> [Task item] Only the lines below between the ones containing "Psací stůl FOX" and "证券代码、证券简称、统计截止", inclusive, are to be reproduced, each exactly as it stands.

> [Task input]
##########
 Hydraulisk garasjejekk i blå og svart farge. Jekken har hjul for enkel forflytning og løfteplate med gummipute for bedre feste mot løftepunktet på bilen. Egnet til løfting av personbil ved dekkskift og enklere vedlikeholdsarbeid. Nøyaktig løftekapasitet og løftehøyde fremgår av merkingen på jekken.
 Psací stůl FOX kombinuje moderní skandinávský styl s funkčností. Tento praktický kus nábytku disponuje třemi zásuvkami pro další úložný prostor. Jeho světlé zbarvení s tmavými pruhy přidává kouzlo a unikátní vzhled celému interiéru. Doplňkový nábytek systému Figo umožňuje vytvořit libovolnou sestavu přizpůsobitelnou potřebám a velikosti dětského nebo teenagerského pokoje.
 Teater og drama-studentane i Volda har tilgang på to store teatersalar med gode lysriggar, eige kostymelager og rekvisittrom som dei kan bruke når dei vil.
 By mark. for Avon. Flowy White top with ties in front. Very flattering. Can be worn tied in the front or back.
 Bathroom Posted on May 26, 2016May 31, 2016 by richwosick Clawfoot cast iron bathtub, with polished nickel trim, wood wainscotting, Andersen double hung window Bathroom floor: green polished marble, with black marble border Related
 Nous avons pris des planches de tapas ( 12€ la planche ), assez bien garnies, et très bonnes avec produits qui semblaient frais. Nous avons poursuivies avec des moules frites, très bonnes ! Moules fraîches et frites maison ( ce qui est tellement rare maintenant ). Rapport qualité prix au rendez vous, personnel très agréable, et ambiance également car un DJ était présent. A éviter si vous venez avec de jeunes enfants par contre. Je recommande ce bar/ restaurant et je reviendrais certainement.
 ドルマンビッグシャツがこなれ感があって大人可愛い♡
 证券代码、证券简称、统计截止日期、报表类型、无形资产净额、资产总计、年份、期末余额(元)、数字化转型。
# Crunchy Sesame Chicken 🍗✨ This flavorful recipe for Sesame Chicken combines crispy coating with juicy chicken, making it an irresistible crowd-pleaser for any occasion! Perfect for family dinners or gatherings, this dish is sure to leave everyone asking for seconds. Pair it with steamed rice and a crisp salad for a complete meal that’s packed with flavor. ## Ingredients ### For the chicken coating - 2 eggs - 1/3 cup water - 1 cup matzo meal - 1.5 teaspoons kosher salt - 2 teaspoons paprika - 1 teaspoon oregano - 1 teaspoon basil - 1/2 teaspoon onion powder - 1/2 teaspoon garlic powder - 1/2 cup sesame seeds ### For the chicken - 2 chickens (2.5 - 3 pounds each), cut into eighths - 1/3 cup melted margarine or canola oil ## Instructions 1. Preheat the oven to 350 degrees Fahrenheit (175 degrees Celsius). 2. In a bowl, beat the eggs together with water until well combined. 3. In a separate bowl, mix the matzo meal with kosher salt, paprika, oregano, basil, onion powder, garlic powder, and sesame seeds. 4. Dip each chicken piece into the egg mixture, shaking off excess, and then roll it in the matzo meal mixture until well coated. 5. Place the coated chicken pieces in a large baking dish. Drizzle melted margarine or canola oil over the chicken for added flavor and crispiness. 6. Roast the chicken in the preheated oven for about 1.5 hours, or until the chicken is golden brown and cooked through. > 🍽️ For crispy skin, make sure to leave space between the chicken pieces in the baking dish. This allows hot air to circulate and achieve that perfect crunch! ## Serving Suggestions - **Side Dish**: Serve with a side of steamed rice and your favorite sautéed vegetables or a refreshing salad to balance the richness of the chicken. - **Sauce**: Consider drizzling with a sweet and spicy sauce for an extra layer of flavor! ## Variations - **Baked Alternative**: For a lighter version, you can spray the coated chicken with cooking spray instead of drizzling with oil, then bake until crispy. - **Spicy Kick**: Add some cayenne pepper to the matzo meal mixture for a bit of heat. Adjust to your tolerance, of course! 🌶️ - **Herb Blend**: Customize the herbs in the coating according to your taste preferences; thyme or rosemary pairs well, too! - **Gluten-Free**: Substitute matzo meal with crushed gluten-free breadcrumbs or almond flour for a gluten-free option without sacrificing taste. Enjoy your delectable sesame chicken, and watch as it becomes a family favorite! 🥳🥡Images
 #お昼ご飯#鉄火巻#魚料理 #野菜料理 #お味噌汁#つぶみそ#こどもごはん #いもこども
##########
> [Result]
 Psací stůl FOX kombinuje moderní skandinávský styl s funkčností. Tento praktický kus nábytku disponuje třemi zásuvkami pro další úložný prostor. Jeho světlé zbarvení s tmavými pruhy přidává kouzlo a unikátní vzhled celému interiéru. Doplňkový nábytek systému Figo umožňuje vytvořit libovolnou sestavu přizpůsobitelnou potřebám a velikosti dětského nebo teenagerského pokoje.
 Teater og drama-studentane i Volda har tilgang på to store teatersalar med gode lysriggar, eige kostymelager og rekvisittrom som dei kan bruke når dei vil.
 By mark. for Avon. Flowy White top with ties in front. Very flattering. Can be worn tied in the front or back.
 Bathroom Posted on May 26, 2016May 31, 2016 by richwosick Clawfoot cast iron bathtub, with polished nickel trim, wood wainscotting, Andersen double hung window Bathroom floor: green polished marble, with black marble border Related
 Nous avons pris des planches de tapas ( 12€ la planche ), assez bien garnies, et très bonnes avec produits qui semblaient frais. Nous avons poursuivies avec des moules frites, très bonnes ! Moules fraîches et frites maison ( ce qui est tellement rare maintenant ). Rapport qualité prix au rendez vous, personnel très agréable, et ambiance également car un DJ était présent. A éviter si vous venez avec de jeunes enfants par contre. Je recommande ce bar/ restaurant et je reviendrais certainement.
 ドルマンビッグシャツがこなれ感があって大人可愛い♡
 证券代码、证券简称、统计截止日期、报表类型、无形资产净额、资产总计、年份、期末余额(元)、数字化转型。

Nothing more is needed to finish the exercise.